SUMMARY OF THE INVENTION
[0008] End-to-end packet losses of one or more traffic streams
transmitted across a congested network may be reduced by setting
the bandwidths of the corresponding traffic streams at critical
values thereof at one or more control points along the network
topology. The critical value of the bandwidths may be determined by
monitoring buffer occupancy at the control point(s). Buffer
occupancy may be determined by periodically sweeping down from a
maximum bandwidth value according to a monotonically decaying
function, for example an exponential function.

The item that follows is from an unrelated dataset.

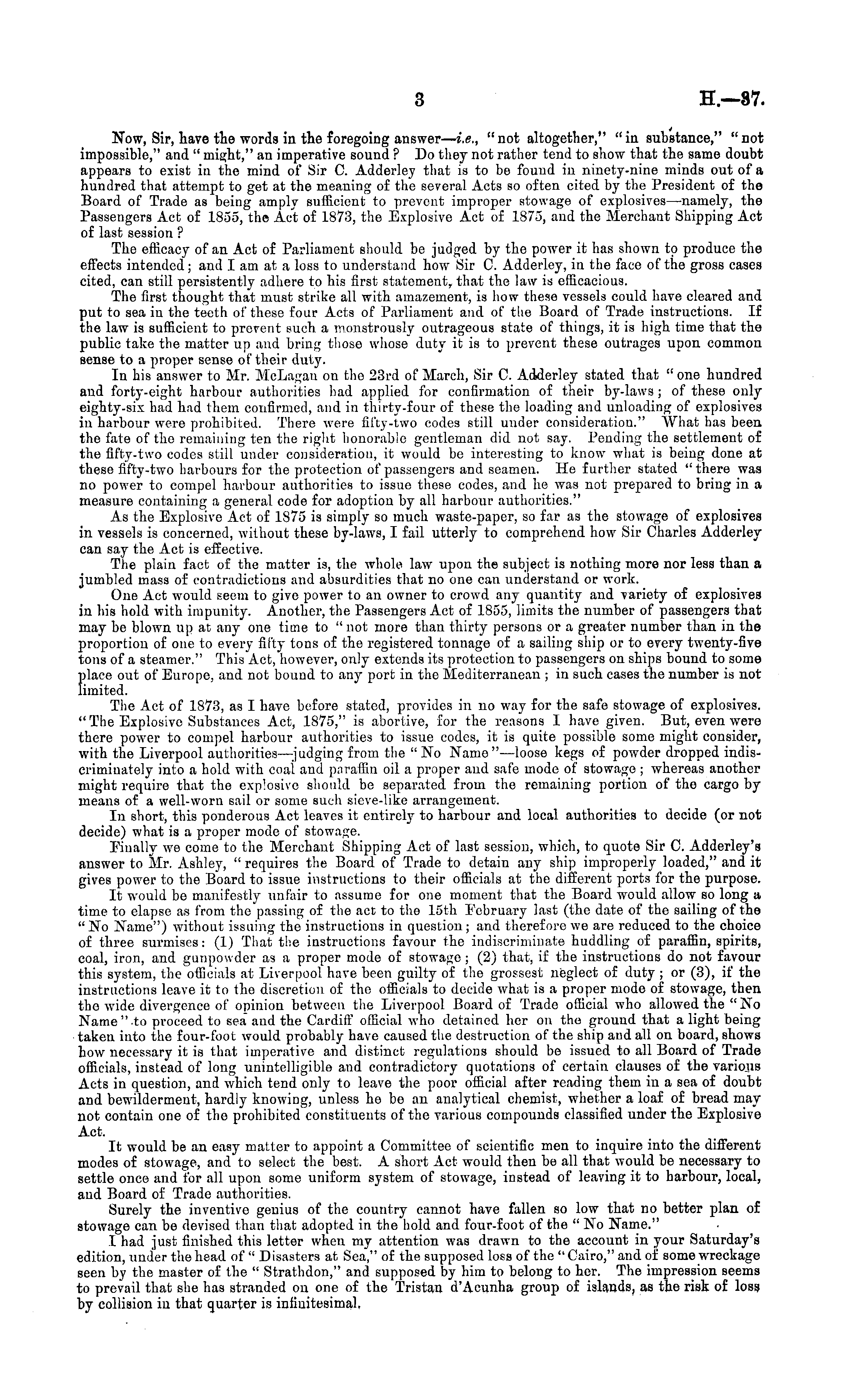 Now, Sir, have the words in the foregoing answer— i.e., "not altogether," "in substance," "not impossible," and " miE;ht," an imperative sound ? Do they not rather tend to show that the same doubt appears to exist in the mind of Sir C. Adderley that ia to be found iu ninety-nine minds out of a hundred that attempt to get at the meaning of the several Acts so often cited by the President of the Board of Trade as being amply sufficient to prevent improper stowage of explosives —namely, the Passengers Act of 1855, the Act of 1873, the Explosive Act of 1875, aud the Merchant Shipping Act of last session ? The efficacy of an Act of Parliament should be judged by the power it has shown to produce the effects intended; and lamat a loss to understand how Sir C. Adderley, in the face of the gross cases cited, can still persistently adhere to his first statement, that the law is efficacious. The first thought that must strike all with amazement, is how these vessels could have cleared and put to sea in the teeth of these four Acts of Parliament and of the Board of Trade instructions. If the law is sufficient to prevent such a monstrously outrageous state of things, it is high time that the public take the matter up and bring those whose duty it is to prevent these outrages upon common sense to a proper sense of their duty. In his answer to Mr. McLagan on the 23rd of March, Sir C. Adderley stated that "one hundred and forty-eight harbour authorities had applied for confirmation of their by-laws; of these only eighty-six had had them confirmed, and in thirty-four of these the loading and unloading of explosives in harbour were prohibited. There were fifty-two codes still under consideration." What has been the fate of the remaining ten the right honorable gentleman did not say. Pending the settlement of the fifty-two codes still under consideration, it would be interesting to know what is being done at these fifty-two harbours for the protection of passengers and seamen. He further stated " there was no power to compel harbour authorities to issue these codes, and he was not prepared to bring in a measure containing a general code for adoption by all harbour authorities." As the Explosive Act of 1875 is simply so much waste-paper, so far as the stowage of explosives in vessels is concerned, without these by-laws, I fail utterly to comprehend how Sir Charles Adderley can say the Act is effective. The plain fact of the matter is, the whole law upon the subject is nothing more nor less than a jumbled mass of contradictions and absurdities that no one can understand or work. One Act would seem to give power to an owner to crowd any quantity and variety of explosives in his hold with impunity. Another, the Passengers Act of 1855, limits the number of passengers that may be blown up at any one time to "not more than thirty persons or a greater number than in the proportion of one to every fifty tous of the registered tonnage of a sailing ship or to every twenty-five tons of a steamer." This Act, however, only extends its protection to passengers on ships bound to some place out of Europe, and not bound to any port in the Mediterranean ; in such cases the number is not limited. The Act of 1873, as I have before stated, provides in no way for the safe stowage of explosives. " The Explosive Substances Act, 1875," is abortive, for the reasons I have given. But, even were there power to compel harbour authorities to issue codes, it is quite possible some might consider, with the Liverpool authorities —judging from the " No Name" —loose kegs of powder dropped indiscriminately into a hold with coai and paraffin oil a proper aud safe mode of stowage ; whereas another might require that the explosive should be separated from the remaining portion of the cargo by means of a well-worn sail or some such sieve-like arrangement. In short, this ponderous Act leaves it entirel}' to harbour and local authorities to decide (or not decide) what is a proper mode of stowage. Eiually we come to the Merchant Shipping Act of last session, which, to quote Sir C. Adderley's answer to Mr. Ashley, " requires the Board of Trade to detain any ship improperly loaded," and it gives power to the Board to issue instructions to their officials at the different ports for the purpose. It would be manifestly unfair to assume for one moment that the Board would allow so long a time to elapse as from the passing of the act to the 15th February last (the date of the sailing of the "No Name") without issuing the instructions in question; and therefore we are reduced to the choice of three surmises: (1) That the instructions favour the indiscriminate huddling of paraffin, spirits, coal, iron, and gunpowder as a proper mode of stowage; (2) that, if the instructions do not favour this system, the officials at Liverpool have been guilty of the grossest neglect of duty ; or (3), if the instructions leave it to the discretion of the officials to decide what is a proper mode of stowage, then the wide divergence of opinion between the Liverpool Board of Trade official who allowed the "No Name " to proceed to sea and the Cardiff official who detained her on the ground that a light being taken into the four-foot would probably have caused the destruction of the ship and all on board, shows how necessary it is that imperative and distinct regulations should be issued to all Board of Trade officials, instead of long unintelligible and contradictory quotations of certain clauses of the various Acts in question, and which tend only to leave the poor official after reading them in a sea of doubt and bewilderment, hardly knowing, unless he be an analytical chemist, whether a loaf of bread may not contain one of the prohibited constituents of the various compounds classified under the Explosive Act. It would be an easy matter to appoint a Committee of scientific men to inquire into the different modes of stowage, and to select the best. A short Act would

BRIEF DESCRIPTION OF THE DRAWINGS
[0009] The present invention is illustrated by way of example, and
not limitation, in the figures of the accompanying drawings in
which like reference numerals refer to similar elements and in
which:
[0010] FIG. 1 shows the Fourier power spectrum of traffic generated
from a Pareto distribution of file sizes that is not subjected to
the TCP protocol.
[0011] FIG. 2 shows the Fourier power spectrum of uncongested and
under-supplied traffic that is subjected to the TCP protocol.
[0012] FIG. 3 shows the Fourier power spectrum of congested and
over-supplied traffic that is subjected to the TCP protocol.
[0013] FIG. 4 illustrates a model of a computer network having a
feedback control node upstream of an otherwise congested node in
accordance with an embodiment of the present invention.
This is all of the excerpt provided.